We registered our plan for completing the meta-analysis, including the search strategy, with PROSPERO at [withheld to preserve author anonymity]. We identified suitable studies by searching electronic databases, manually searching reference lists of included articles, and writing to authors of included studies to request unpublished data. No responses were received from authors. The online databases searched were PubMed, ProQuest, EBSCO, EBSCO Open Dissertations, and Scopus. Search terms used were: (“assertiveness training” or “assertion training”) and (“social phobia” or “social anx*”). The use of a wildcard function, the asterisk, returned results with prefix anx-, for example, “social anxiety” and “social anxiousness.” We also used forward-citation searches with Google Scholar to locate articles that cited the studies included in the meta-analysis; we scrutinized these for relevant other studies.
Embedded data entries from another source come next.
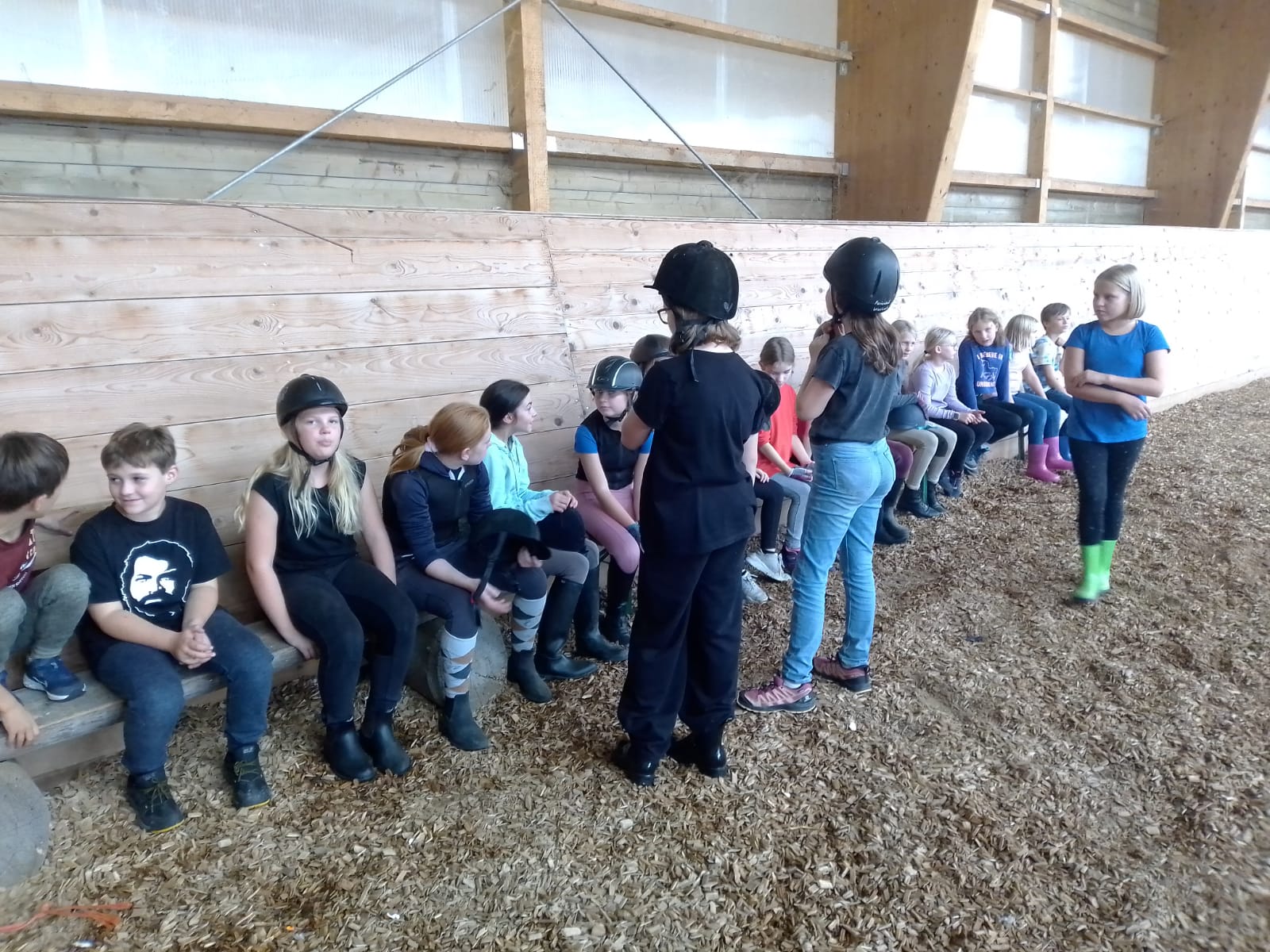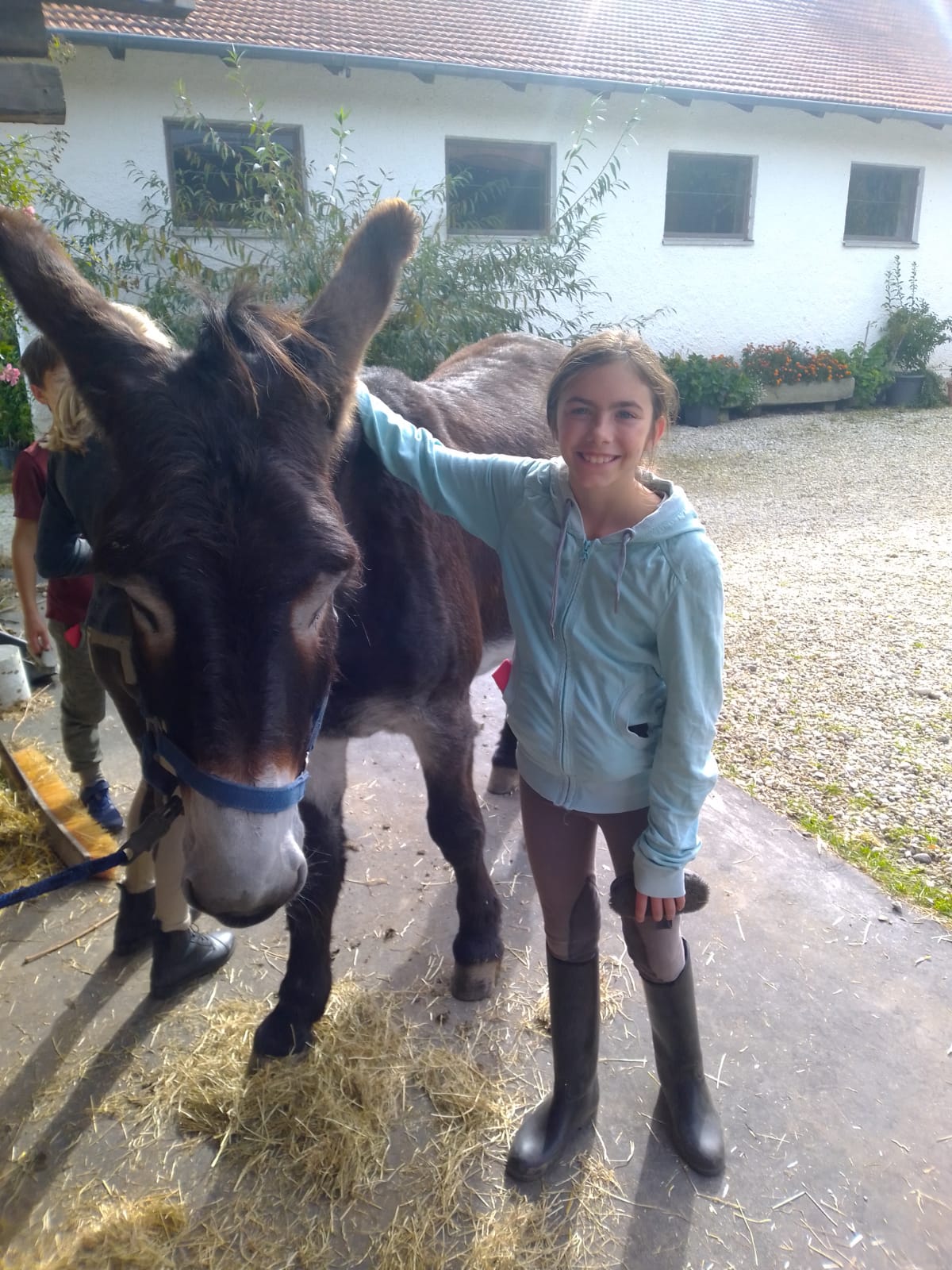 Auch die Klassensprecherwahl fand während des Bauerhofaufenthaltes statt, nachdem Herr Schöttner zuvor ausführlich auf die Aufgaben und Funktion der SMV hingewiesen hatte. Mit großer Ernsthaftigkeit wurde schließlich von den Schülerinnen und Schüler eine demokratische Entscheidung getroffen, die in der Hektik des Schulalltages sicherlich untergegangen wäre. Ein Höhepunkt der Fahrt war der Reitnachmittag. Pferd „Fritz“, Pony „Rosa“ und Esel „Luggi“ drehten mehr oder weniger geduldig ihre Runden in der Reithalle. „Es ist ein tolles Gefühl, auf so einem großen Pferd zu sitzen. Ich hätte nicht gedacht, dass ich mich das traue!“ Dieser Schülerkommentar zeigt, wie wichtig solche Erfahrungen sind. Tierische Mutproben, überstandene Heimwehmomente, rasante Schaukelpartien, gruselige Werwolfrunden, elektrisierende Weidezäune, ungewohnte Funklöcher - und ein frecher schwarzer Kater, der die Schülerinnen und Schüler abends aus der Gutenachtgeschichte bis in ihre Träume verfolgte.
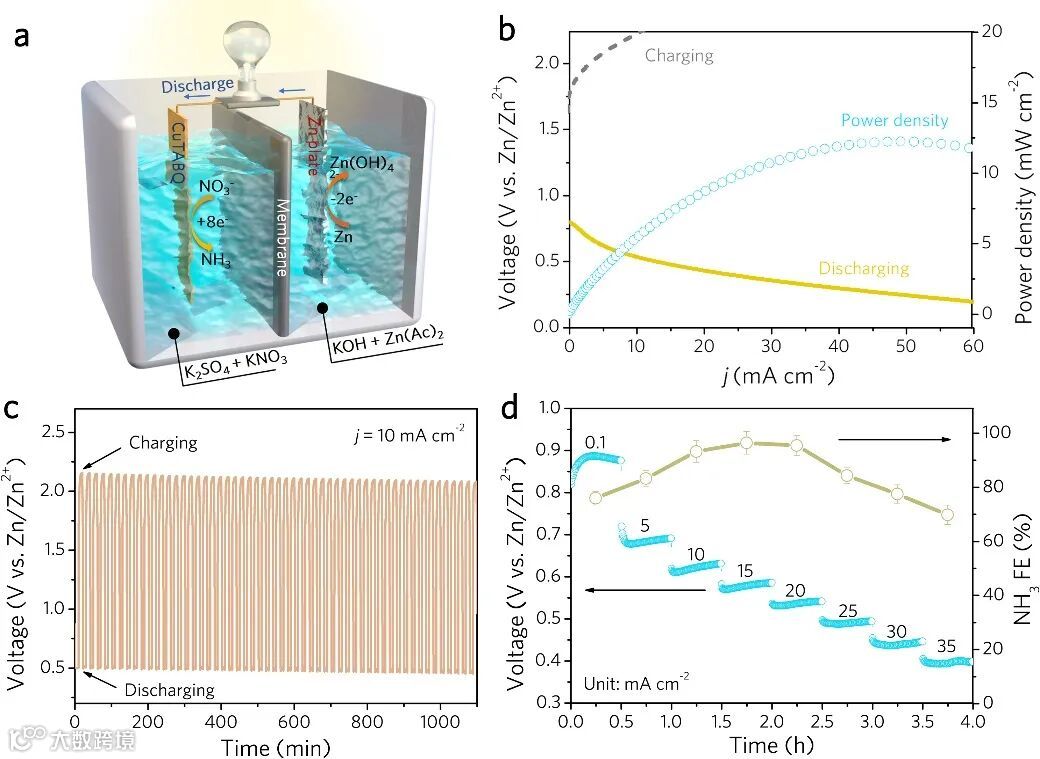最后,基于CuTABQ的优异性能,组装了可充电锌-硝酸根电池,表现出12.3 mW/c
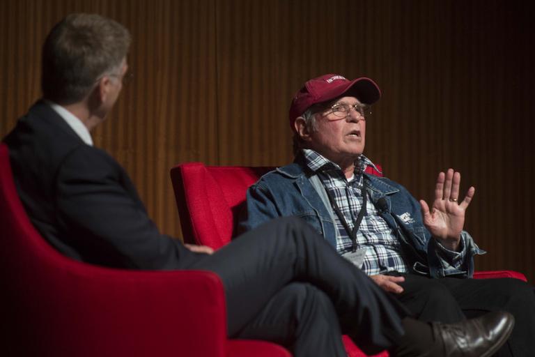 Keywords: austin texas indoor Singer/songwriter Country Joe McDonald, right, a Navy veteran and Vietnam War protester, discusses how the music of the 1960s and 1970s helped to comfort U.S. troops in Vietnam while fueling the anti-war movement at home. He spoke on Thursday, April 28, 2016, at the LBJ Presidential Library's Vietnam War Summit. McDonald also performed one of his most popular Vietnam War protest songs, "I Feel Like I'm Fixin' to Die Rag" as well as "Superbird." He was joined by folk singer Peter Yarrow, who used to perform with folk group Peter, Paul and Mary. Yarrow sang "Where Have All the Flowers Gone?" The music discussion was moderated by Bob Santelli, left, executive director of the GRAMMY Museum. LBJ Library photo by Marsha Miller 04/28/2016. Singer/songwriter Country Joe McDonald, right, a Navy veteran and Vietnam War protester, discusses how the music of the 1960s and 1970s helped to comfort U.S. troops in Vietnam while fueling the anti-war movement at home. He spoke on Thursday, April 28, 2016, at the LBJ Presidential Library's Vietnam War Summit. McDonald also performed one of his most popular Vietnam War protest songs, "I Feel Like I'm Fixin' to Die Rag" as well as "Superbird." He was joined by folk singer Peter Yarrow, who used to perform with folk group Peter, Paul and Mary. Yarrow sang "Where Have All the Flowers Gone?" The music discussion was moderated by Bob Santelli, left, executive director of the GRAMMY Museum. LBJ Library photo by Marsha Miller 04/28/2016.
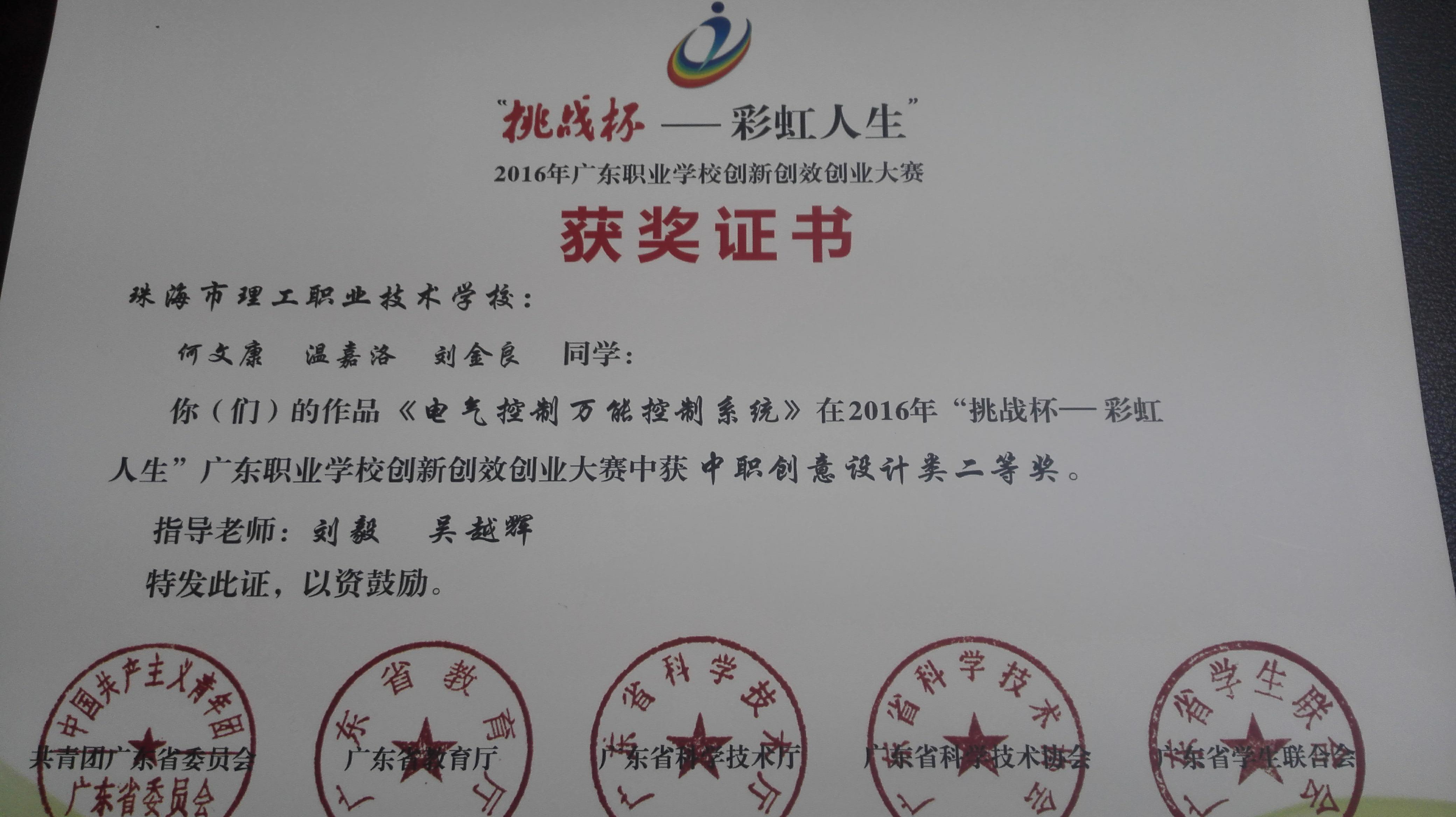 何文康 温嘉洛 刘金良 等同学获得中职组创意设计类作品“电气控制万能控制系统”获二等奖
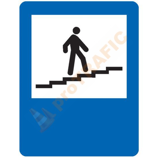 Indicatorul rutier din imaginea alăturată, se întâlnește în apropierea pasarelelor pentru pietoni. Pentru traversarea drumurilor din zona respectivă, pietonii sunt obligați să se deplaseze folosind pasarela.

A total of 73 articles were found, six of which met the selection criteria. A PRISMA flow diagram (Liberati et al., 2009) shows the procedure for selection of studies. Two researchers conducted a simultaneous search of the databases and then compared their search results and decided which studies to include by consensus.                  

Coding Procedures

One researcher selected and coded data for all studies, in conjunction with a second researcher. A third researcher then independently coded data relevant to the calculation of an effect size. The level of agreement for independent coding was 98%. We discussed differences and resolved them by consensus.

Descriptive Data

Items coded included: (1) author and publication year of study (2) sample description, (3) total number of sample participants, (4) sample mean age (age range used where mean could not be calculated), (5) percentage female, (6) country of origin, (7) type of control, (8) analysis type (all completed, intention-to-treat, completers), (9) social anxiety measures used,  (10) whether measure used to assess social anxiety has evidence of validity and reliability, (11) treatment delivery format (online, individual in-person, group in-person), (12) duration (in months) from baseline to final assessment, (13) total number of training weeks, (14) total number of training sessions, (16) weeks after the end of training prior to final assessment used in the meta-analysis, (17) overall attrition rate prior to assessment used in the meta-analysis, and (18) whether participants had high anxiety (on some measure), or no identified level of social anxiety.

Effect Size Data

We used pre- and post-score means and standard deviations of the training and control groups for each measure, the effect direction for each measure, and group sample sizes to calculate effect sizes.

Quality Criteria

We also coded data for quality assessment variables. These evaluated the reliability, validity, and bias risk of studies. They assessed whether: (1) groups were similar at baseline, (2) all therapists were trained to provide treatment, (3) an assertiveness training manual was used, (4) training manual use was assessed; (5) all participants were accounted for in report; (6) attrition at included final assessment did not exceed 25% in any condition.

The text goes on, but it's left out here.